With respect to the statutory interpretation piece, awkwardly for NAM, Rule 14a-8, in one form or another, has been around since 1942. NAM elides that point by focusing on the modern version of the rule and the current SEC’s interpretations of it (particularly with respect to social proposals), but NAM’s textual argument rests on the proposition that Section 78n “does not grant the SEC power to compel corporations to publicize or discuss shareholder-submitted proposals,” Mot. at 19, and therefore we’ve all been misinterpreting the statute since World War II.
For the First Amendment piece, NAM’s motion to intervene states:
[NAM]… moves to intervene to raise a fundamental threshold issue addressed by neither party but affecting every publicly traded company in the United States: Whether the First Amendment and federal securities laws allow the SEC, through its Rule 14a-8, to compel a corporation to use its proxy statement to speak about abortion, climate change, diversity, gun control, immigration, or other contentious issues unrelated to its core business or the creation of shareholder value.
The answer is “No.” It is “firmly established” that the States have the authority “to regulate domestic corporations.” CTS Corp. v. Dynamics Corp. of Am., 481 U.S. 69, 89 (1987). And state corporate law typically empowers corporate management, subject to oversight by the board of directors, to determine whether and how the corporation will speak or act. See, e.g., In re Franchise Servs. of N. Am., Inc., 891 F.3d 198, 210 (5th Cir. 2018).
But the SEC’s Rule 14a-8 asserts federal governmental power to override management and compel a corporation to publicize dissenting shareholders’ proposals on divisive issues in its own proxy solicitation. The SEC’s claimed power to dictate the contents of corporate proxy statements has no basis in federal securities law, and it violates the First Amendment’s prohibition against government-compelled speech.
Now, to be honest, First Amendment doctrine is way outside my lane, but I can’t help but make a couple of observations.
First, CTS was not about federal power to regulate; it was about conflicts among the powers of different states. In fact, CTS was very explicit that federal law could preempt state law in this area, if there was federal law on point.
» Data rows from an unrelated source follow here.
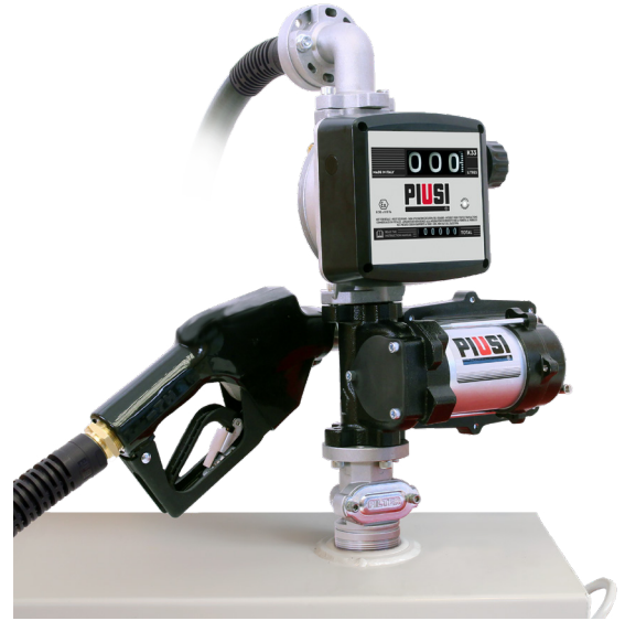
EX50 PRO KIT - AUTO NOZZLE + K33 METER
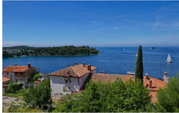
Nice view of Adriatic from Rovinj
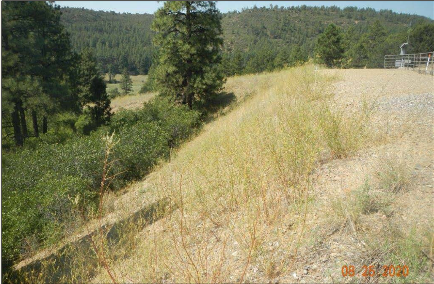
Photo 4. View of the southern fill slope, facing eastward. Revegetation is progressing with western wheatgrass and yellow sweetclover.
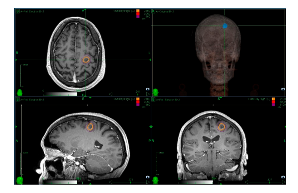
Figure 1. Radiosurgery for patients with a single metastasis and a favourable prognosis is standard practice. The figure illustrates a single metastasis covered with a prescription dose of 21 Gy prescribed to the 70% isodose line using Cyberknife. Prior informed consent was obtained for use of these images.
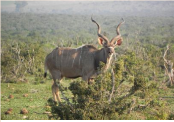
Kudu, East Cape
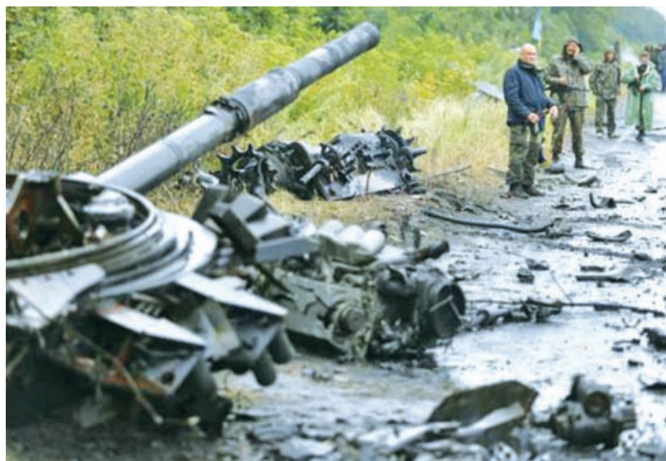
Ukrainian troops stand near destroyed military vehicles just outside the eastern Ukrainian town of Slaviansk on 7 July, 2014.

DONETSK, (Ukraine) 8 July — Pro-Russian rebels erected new barricades on the streets of Donetsk on Monday, preparing to make a stand in the city of a million people after losing their bastion in the town of Slaviansk in the worst defeat of their three-month uprising. Occasional bursts of gunfire could be heard in the distance from the centre of Donetsk, where residents said they were living in fear of a potential battle between government forces and the separatist gunmen now out in force.
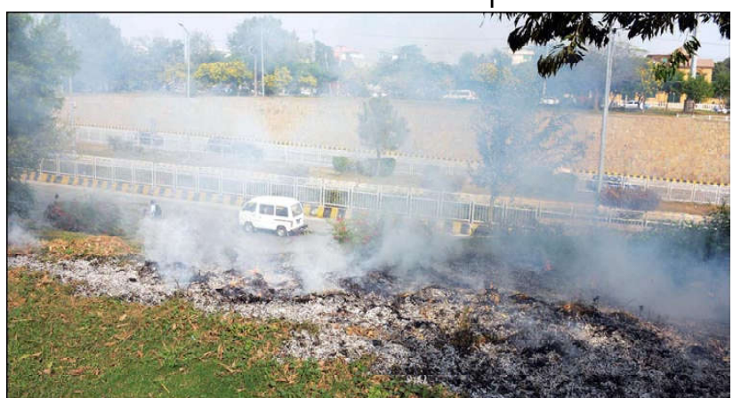
ISLAMABAD: The twin cities and most parts of Punjab are shrouded in heavy smog. According to IQ Air, citizens of Islamabad are required to wear masks and a decision has been made to reduce traffic on the roads. While leaf fires are being set near Sectors I-9 and I-8, the emission of these hazardous substances and smoke is increasing the smog.
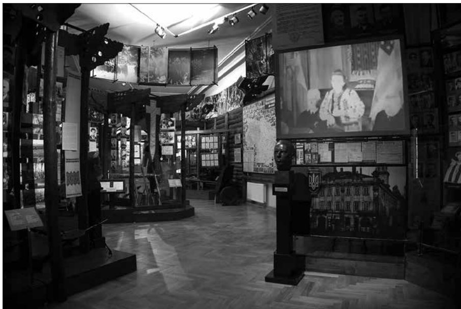
Figure 7. Museum of the Liberation Struggle of Ukraine, hall 2, 2016.

The new PrikVO museum used the original material without dismantling the Soviet master narrative. It painted it in yellow and blue where possible and added Ukrainian aspects. That it does not use more contemporary presentation techniques might be owed to the fact that it does not have the means of Soviet, contemporary Russian, or Western war museums. The MvbU presents a counter narrative to the former Soviet narrative and in doing so had to draw on different materials. Its wealth lies in the rich collection of documents and printed matter collected within Ukraine and by Ukrainians in the diaspora. Despite its rustic appearance resembling Eastern European post-Soviet interior design, the museum's presentation and objectives are strongly influenced by Soviet war museums.
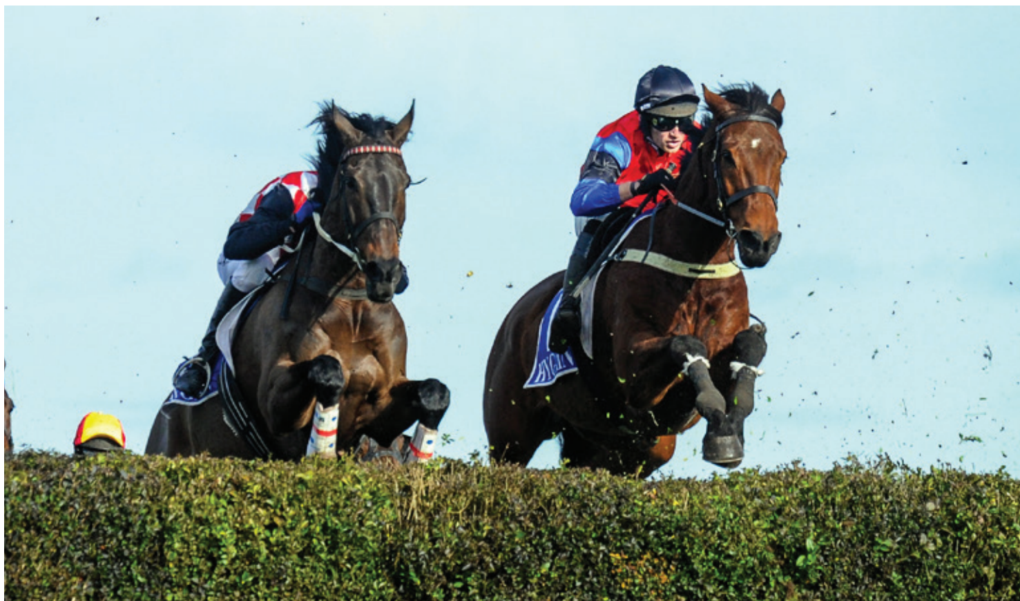
Shamal (right) flies a fence on his way to victory at Casterton

Leading Kiwi jumper Shamal (NZ) (Zabeel) took the next step on his path to the Australian Grand National Steeplechase (4500m) at Ballarat in August with a gritty victory at Casterton on Saturday.

See 481 U.S. at 79.
More generally, state governments are … you know, governments. If it is, in fact, a violation of the First Amendment for the federal government to require that shareholder proposals be included on corporate proxies, it would also be a violation of the First Amendment for states to do the same thing. After all, in Citizens United v. FEC, 558 U.S. 310 (2010) – which involved federal campaign finance regulation – the Supreme Court held that states “cannot exact as the price” for the privilege of incorporation the forfeiture of First Amendment rights. Id. at 351.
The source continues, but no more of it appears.